Тут узрел я несказанную красоту мудрости, обаявшей некогда и самого Пифагора — наука сия не стояла в толпе, но держалась в стороне, молчала и, наконец поняв, что все остальные мне не годятся, а с нею я не знаком, молвила так: «Нет во мне, отрок, пригожести, но изобильна я тяготами: ежели согласится кто с моим уставом, то придется ему отвергать всякую пищу, ради коей убита живая тварь, и о вине придется позабыть, дабы не замутить премудрого кубка, воздвигнутого в трезвых душах, и не согреет его плащ или иная одежда тканая из животной шерсти, а сандалии достанутся ему тростниковые, а спать он будет где случится, а ежели узнаю я, что привержен он любострастию, так есть у меня гиблые ямы, куда препроводит его и низвергнет сопутствующее мудрости правосудие; столь сурова я с ревнителями своими, что даже и уста их держу на замке! А теперь узнай, какова награда тому, кто все эти тяготы стерпит: сразу вступит он во владенье праведностью и благомысленностью, и зависти ему никто не внушит, и будет он тиранам страшен, а сам перед ними не склонится, и малые жертвы его будут слаще богам, чем потоки бычьей крови! Ежели будешь ты чист, то дарую я тебе знание грядущего, а очи твои так просветлю светом, что распознаешь ты бога, узнаешь героя и уличишь призрачную нежить, сокрытую под личиною человечьей». И вот, о премудрые египтяне, я избрал именно эту жизнь, а свершив сей верный выбор вослед Пифагору, не обманул и не был обманут, ибо сделался я таким, каким должно быть философу, и получил все, что философу назначено. Доводилось мне размышлять и о происхождении чародейства, и об основаниях его, а решение мое таково: к чародейству способны те, у кого святости в избытке[247] и кто превосходен в познании души, первопричина коей неуничтожима и безначальна.

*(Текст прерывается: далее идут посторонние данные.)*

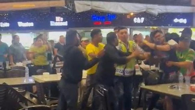 Dalam video juga terlihat, seorang pria sampai menaiki meja untuk menendang pengunjung yang mengenakan baju dan celana hitam. Pria lain juga tampak memukuli pria tersebut dengan kursi plastik.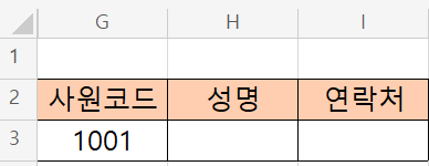 조건값 : 사원코드의 성명을 구하기 위함이기 때문에 조건인 "1001"의 G3을 입력합니다.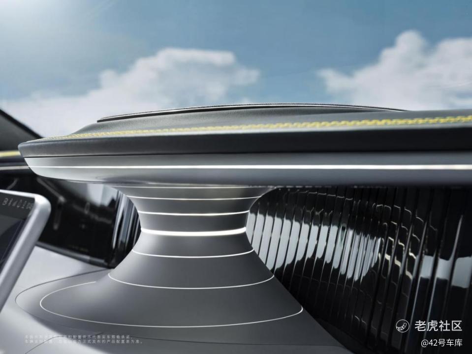 回到前排,我们不难发现,阿维塔 11 的仪表台分为上下两个部分,而仪表台上半部分的凸出,阿维塔科技的设计师也对它进行了巧妙的设计,用一个锥形将其与下半部分相连。这就是阿维塔 11 一直强调的「Vortex 情感涡流」。

Я понимал, конечно, что все это не для афинян — когда Платон изрек о душе совершенномудрое и богодухновенное слово, то афиняне слово сие отвергли[248], а приняли обратные и ложные мнения. Надобно мне было разузнать, есть ли на свете город или народ, где рассуждали бы не по-нашему — один так, другой этак, но все — хоть стар, хоть млад — держались бы единого учения о душе. Сам-то я, руководимый незрелостью и неопытностью, любопытствовал именно о вас, ибо множество слыхал рассказов о сверхъестественных ваших познаниях, но когда изъяснил я это наставнику своему[249], он прервал речи мои нижеследующими словами: «Предположим, что ты — из влюбчивых и питаешь страсть к юной миловидности, а тебе повстречался красивый отрок и, очарованный пригожестью его, принялся ты расспрашивать, чей он сын, и вот оказалось, что отец у него — воевода и богат конями, а деды у него — хороводители, однако же ты его именуешь «о потомок корабельщика!» или «о сын окружного старосты!». Как, по-твоему, привлечешь ты этим способом расположение отрока или, напротив, опротивеешь ему вконец, ибо не зовешь его по отческому чину, но измышляешь ему в предки каких-то безвестных ублюдков? Ну, а ежели питаешь ты страсть к мудрости, постигнутой индусами, то неужто будешь именовать ее порождением не отцов, но вотчимов? Это было бы для египтян даже лучшим подарком, чем если бы Нил снова — как в баснословные времена — при разливе затопил бы их медом!» После такого разговора я и поворотил от вас к индусам в рассуждении того, что наука их изощреннее, ибо солнце светит им яснее, а мнение их о природе и богах ближе к истине, ибо обитают они в соседстве с богами, рядом с первоначалом всякого тепла и всякого живорождения.

Перейти на страницу:

Все книги серии Литературные памятники

Похожие книги

Десять книг об архитектуре
Десять книг об архитектуре

Римский архитектор и инженер Витрувий жил и работал во второй половине I в. до н. э. в годы правления Юлия Цезаря и императора Октавиана Августа. Его трактат представляет собой целую энциклопедию технических наук своего времени, сочетая в себе жанры практического руководства и обобщающего практического труда. Более двух тысяч лет этот знаменитый труд переписывался, переводился, комментировался, являясь фундаментом для разработки теории архитектуры во многих странах мира.В настоящем издание внесены исправления и уточнения, подготовленные выдающимся русским ученым, историком науки В. П. Зубовым, предоставленные его дочерью М. В. Зубовой.Книга адресована архитекторам, историкам науки, культуры и искусства, всем интересующимся классическим наследием.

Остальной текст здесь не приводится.